On Tue, Aug 14, 2018 at 10:24 PM, Thomas White <tho...@thomaswhite.se>
wrote:

> Hi Arvydas,
>
>
>
> The error seems to suggest this is not an issue with your object data, but
> the expected object digest data. I am unable to access where I stored my
> very hacky diagnosis process for this, but our eventual fix was to locate
> the bucket or files affected and then rename an object within it, forcing a
> recalculation of the digest. Depending on the size of the pool perhaps it
> would be possible to randomly rename a few files to cause this
> recalculation to occur to see if this remedies it?
>
>
>
> Kind Regards,
>
>
>
> Tom
>
>
>
> *From:* ceph-users <ceph-users-boun...@lists.ceph.com> *On Behalf Of *Arvydas
> Opulskis
> *Sent:* 14 August 2018 12:33
> *To:* Brent Kennedy <bkenn...@cfl.rr.com>
> *Cc:* Ceph Users <ceph-users@lists.ceph.com>
>
> *Subject:* Re: [ceph-users] Inconsistent PG could not be repaired
>
>
>
> Thanks for suggestion about restarting OSD's, but this doesn't work either.
>
>
>
> Anyway, I managed to fix second unrepairing PG by getting object from OSD
> and saving it again via rados, but still no luck with first one.
>
> I think, I found main problem why this doesn't work. Seems, object is not
> overwritten, even rados command returns no errors. I tried to delete
> object, but it still stays in pool untouched. There is an example of what I
> see:
>
>
>
> # rados -p .rgw.buckets ls | grep -i "sha256__
> ce41e5246ead8bddd2a2b5bbb863db250f328be9dc5c3041481d778a32f8130d"

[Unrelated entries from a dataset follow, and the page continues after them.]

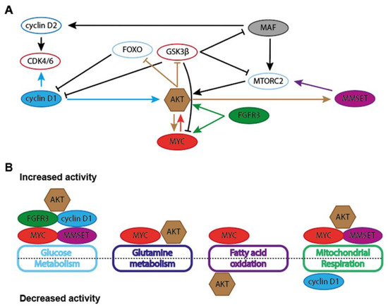 MM cases that carry MAF translocations share a distinct gene expression signature that is similar between different MAF proteins [115,279]. In a cohort of 1273 newly diagnosed patients, the t(14;16) translocation was associated with mutations BRAF, TRAF2 and DIS3 (mutations that affect MAPK-signaling, NFKB signaling and exosome formation), deletion of 13q, gain of 1q and the aforementioned APOBEC signature [115]. Genes strongly associated with MAF overexpression in MM include CCND2, integrin-β7 (ITGB7), C-C chemokine receptor-1 (CCR1) [266,280], AMPK-related protein kinase 5 (ARK5) [281] and DEPTOR [268]. MAF can therefore directly regulate proteins involved in cell cycle regulation (CCND2), MM cell homing, migration and adhesion (ITGB7, CCR1), insulin growth Factor-1 (IGF1) mediated invasion (ARK5) and PI3K/AKT/mTORC signaling (DEPTOR) (Figure 3). This suggests a potentially multifaceted role for MAF family members in metabolic control.
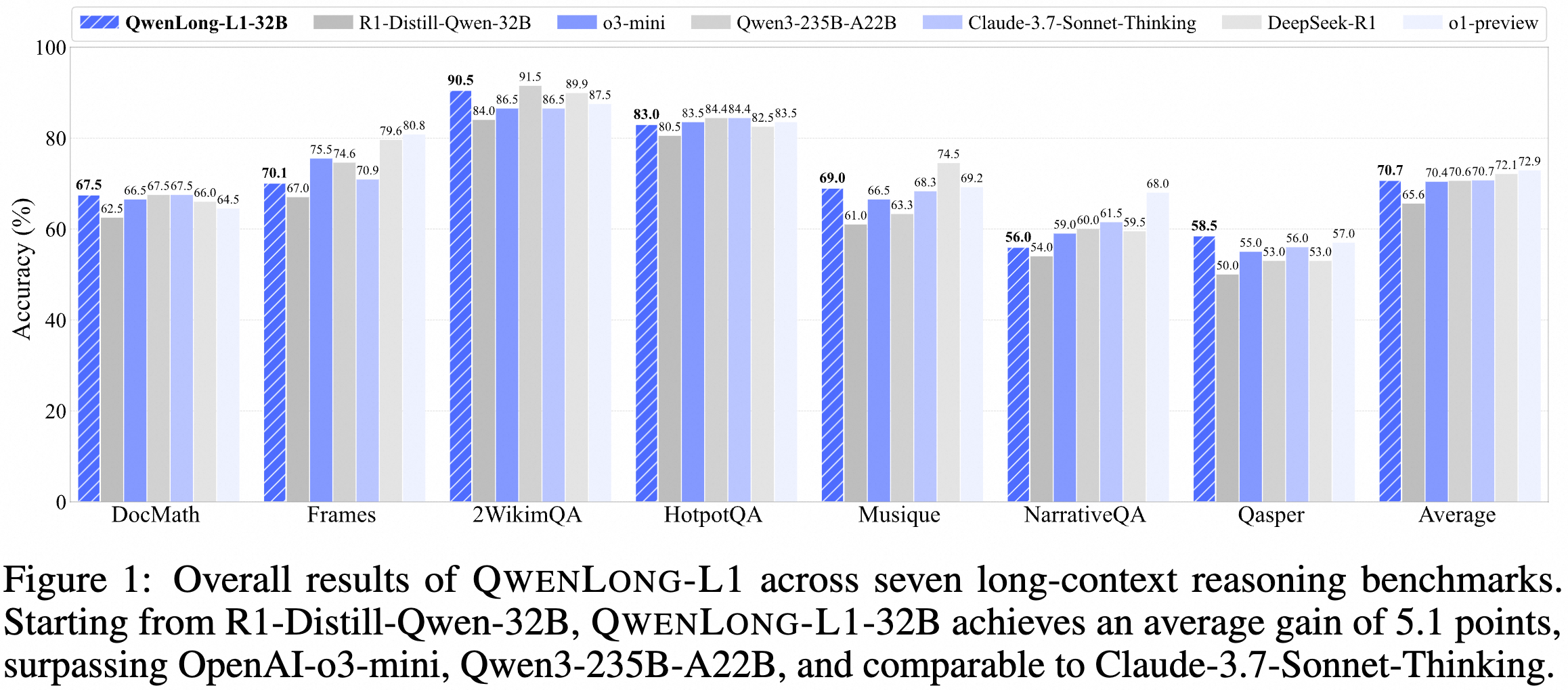 May 26, 2025: 🔥 We release 🤗 QwenLong-L1-32B, which is the first long-context LRM trained with reinforcement learning for long-context reasoning. Experiments on seven long-context DocQA benchmarks demonstrate that QwenLong-L1-32B outperforms flagship LRMs like OpenAI-o3-mini and Qwen3-235B-A22B, achieving performance on par with Claude-3.7-Sonnet-Thinking, demonstrating leading performance among state-of-the-art LRMs.
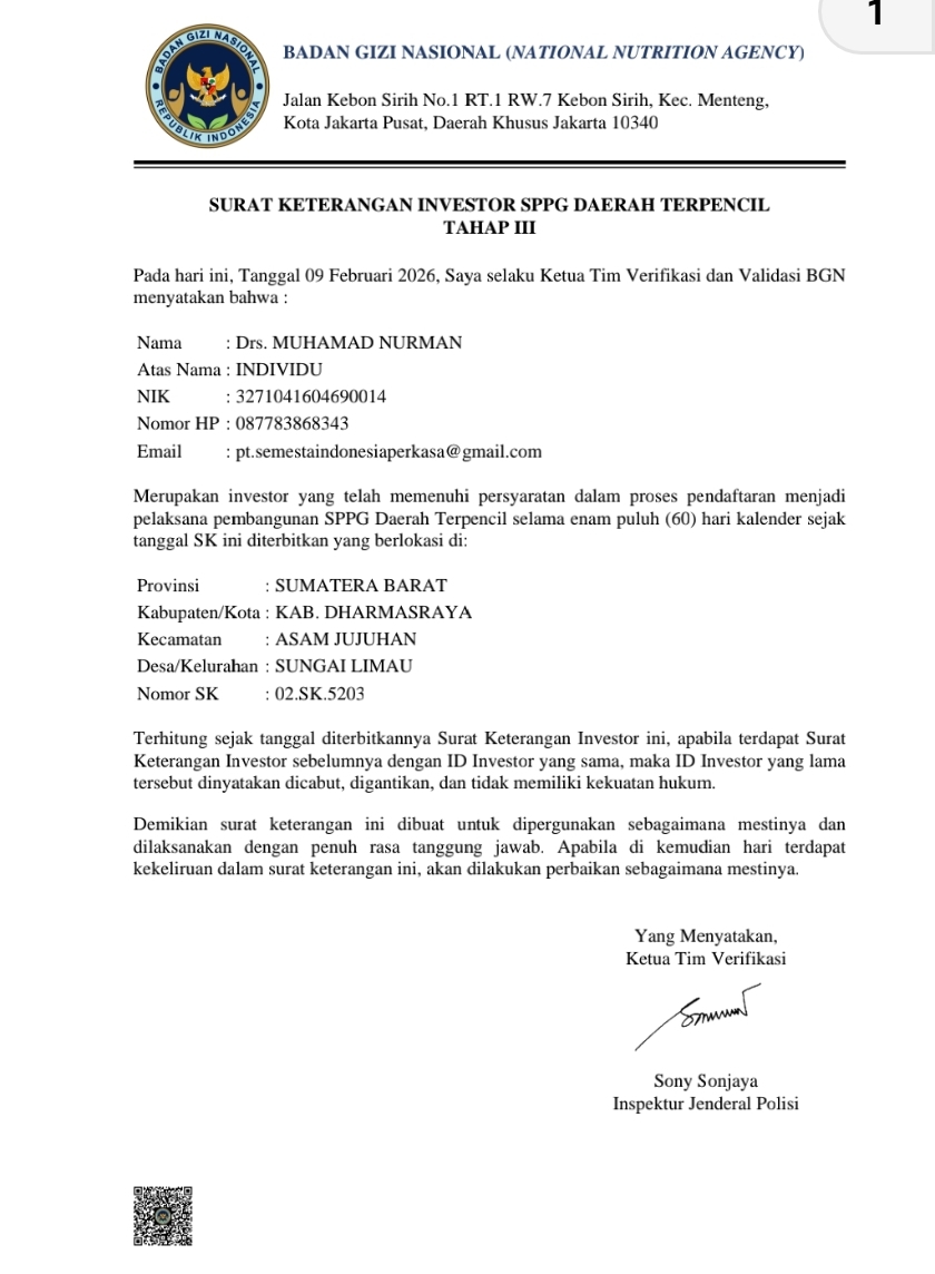 Sorotan ini muncul setelah beredarnya dokumen yang menyebutkan bahwa Drs. M. Nurman ditunjuk sebagai investor pembangunan enam dapur SPPG wilayah 3T di Kabupaten Dharmasraya. Namun berdasarkan penelusuran Tim Investigasi AliniaNews.com, dokumen penunjukan tersebut ternyata merupakan SK Tahap III, setelah sebelumnya dua SK penunjukan investor pada tahap I dan tahap II dibatalkan. Pembatalan tersebut diduga terjadi karena investor sebelumnya tidak mampu menyelesaikan pembangunan dapur SPPG sesuai dengan batas waktu yang telah ditentukan, sehingga dinilai wanprestasi terhadap komitmen pembangunan.

> default.142609570.87_20180203.020047/repositories/docker-
> local/yyy/company.yyy.api.assets/1.2.4/sha256__
> ce41e5246ead8bddd2a2b5bbb863db250f328be9dc5c3041481d778a32f8130d
>
> # rados -p .rgw.buckets get default.142609570.87_20180203.
> 020047/repositories/docker-local/yyy/company.yyy.api.assets/1.2.4/sha256__
> ce41e5246ead8bddd2a2b5bbb863db250f328be9dc5c3041481d778a32f8130d testfile
> error getting .rgw.buckets/default.142609570.87_20180203.020047/
> repositories/docker-local/yyy/company.yyy.api.assets/1.2.4/sha256__
> ce41e5246ead8bddd2a2b5bbb863db250f328be9dc5c3041481d778a32f8130d: (2) No
> such file or directory
>
> # rados -p .rgw.buckets rm default.142609570.87_20180203.
> 020047/repositories/docker-local/yyy/company.yyy.api.assets/1.2.4/sha256__
> ce41e5246ead8bddd2a2b5bbb863db250f328be9dc5c3041481d778a32f8130d
>
> # rados -p .rgw.buckets ls | grep -i "sha256__
> ce41e5246ead8bddd2a2b5bbb863db250f328be9dc5c3041481d778a32f8130d"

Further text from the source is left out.